When hiring new staff, it’s tempting to simply go on gut instinct and fall into the trap of believing that you know in the ‘first 30 seconds’ that you have the ideal candidate! 

Don’t believe the hype! Whilst gut instinct can certainly be helpful, it can also be to the detriment of your business if you rely solely on it. 

There’s no doubt that as an employer you may have certain biases, even if you’re not consciously aware of them. For example, if you interview a candidate who you feel has very similar traits to yourself, then you’re almost certainly going to view them favorably. Whilst there’s nothing inherently wrong with this, it can become a problem when you’re ignoring qualified candidates merely because your gut instinct tells you they’re not right for the job.

Hiring on skills for the job, cultural match and role profile is of paramount importance even though it is often tempting to choose likeability over ability to perform well in the job.

Given the fact that going on gut instinct isn’t a preferred way of hiring, here are 4 methods that can help you steer clear of relying solely on your gut instinct and ensure you get the absolute best ‘person’ for the job. 

1. Referrals

Whether they’re from current employees, other business owners, people in your network they are definitely invaluable. 

Referred candidates are often already fans of your employer brand as they have been sold the story by advocates and they may also be familiar with the industry or systems used by your company if they have worked with your own people previously.

 2. Pre-screening Questions 

When you’re looking to hire for a particular position it’s always useful to have pre-screening questions to help rule out any unsuitable candidates. If you set this up in the ad or throughout the application process you should see that candidates will screen themselves out of the process if they don’t have the necessary skills and requirements.

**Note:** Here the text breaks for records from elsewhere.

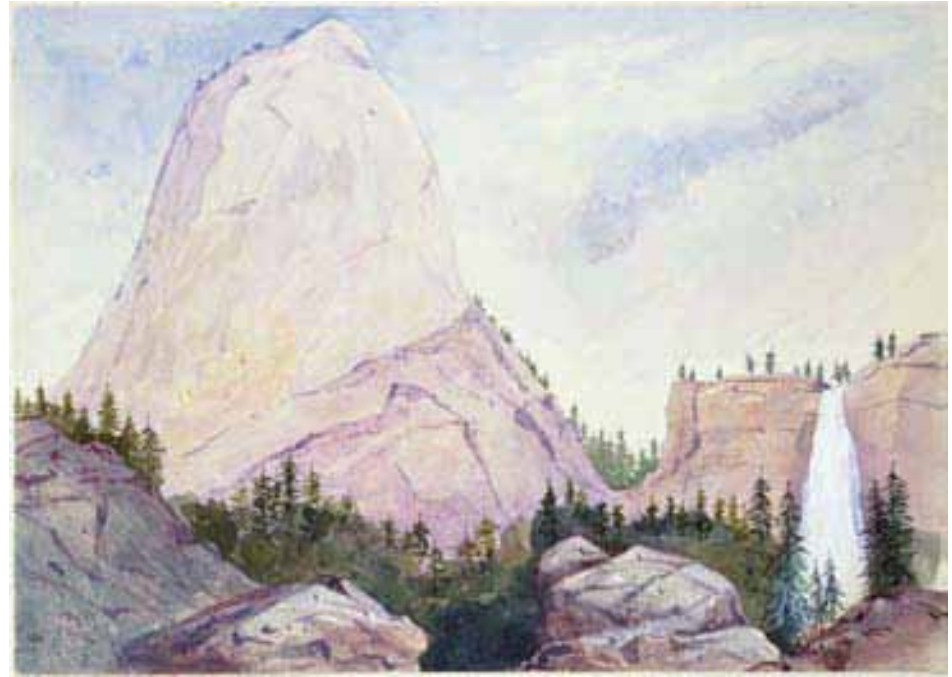
The Cap of Liberty at Yellowstone, California. ALEXANDER TURNBULL LIBRARY: William Fox, 1853, WC-222

From 1840 on, there had been reserves created in New Zealand for public recreation areas and domains. The Land Amendment Act 1884 permitted the establishment of reserves for mineral springs and 'natural curiosities'. The earliest reference to scenery in legislation was in the Land Act 1892. However it was only with the
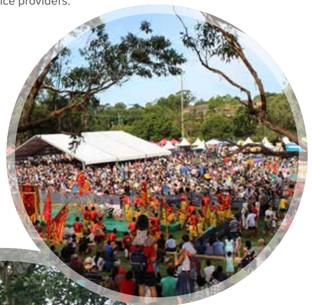
Lunar New Year

We celebrated the 2019 Eastwood Lunar New Year on 16 February, with festivities moving to Eastwood Oval for the 2019 celebration. A partnership between the City of Ryde and local Chinese and Korean communities organised the event. The event included kids carnival rides, market stalls and food trucks, kids shows, lion high pole, dragon dance, firecrackers, stage entertainment from cultural groups and a magnificent fireworks display ended the night. More than 20,000 celebrated the Year of the Pig.
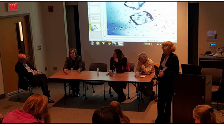
2nd Annual Seminar on Statistical Practice, April 15. The speakers presented the statistical applications of their work. Topics included modeling climate change, estimating potential losses from natural catastrophes, the use of statistical analyses in forensic science, and fetal screening and maternal monitoring methods.

The work and activities of BUSCASA complement those of the Biostatistics Student Association ( BSA ), which continues its active educational and social presence for all Biostatistics students at BU. Find their events and updates <u>here</u>.
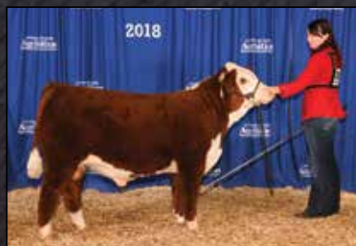
Haroldson's Hiker ET 45F 2018 Agribition Class Winner Owned with WLC

This saves you time as well, as it prevents you from having to wade through countless CV’s of applications who aren’t suited to the job.

3. Benchmark all the candidates

Use your screening questions so that you give everyone a fair go. Ask other members of your team to attend interviews so you can create a panel or series of interviews  so you have a more rounded opinion. Someone else may spot something you have missed.

Again encourage all interviewers to use a benchmark style criteria so all the candidates get scored fairly and they don’t just pick the candidate they would like to work alongside.

4. Be picky 

It can be easy to settle for someone who’ll be able to do the job adequately, especially if you are left in a position where the job is vacant but why not strive to find the perfect candidate who’s going to excel.

If the role is leaving a gap and needs filling quickly, consider a temp/interim contractor until you find the right fit for the permanent role. It could also be an idea to consider the interim candidates in the process too as they may well consider a full-time option. Remember to put them through the same interview process to ensure you have benchmarked them against the wider talent pool.

In the long run it’s only going to benefit your business to have a team of talented employees who are highly skilled and the right skills to do the job first and foremost.

There are definitely certain qualities that are hard to measure with raw data. Like the level of enthusiasm a candidate has or how well you think they’ll fit into your team. This is where your gut instinct comes into play and can actually help you to avoid potentially disastrous appointments if the cultural fit is off.

So remember…

While gut instinct may have a key role to play when hiring it can become a problem if that is all you are relying on. Always consider other important factors such as experience and relevant skills as well as personality traits before you use gut instinct.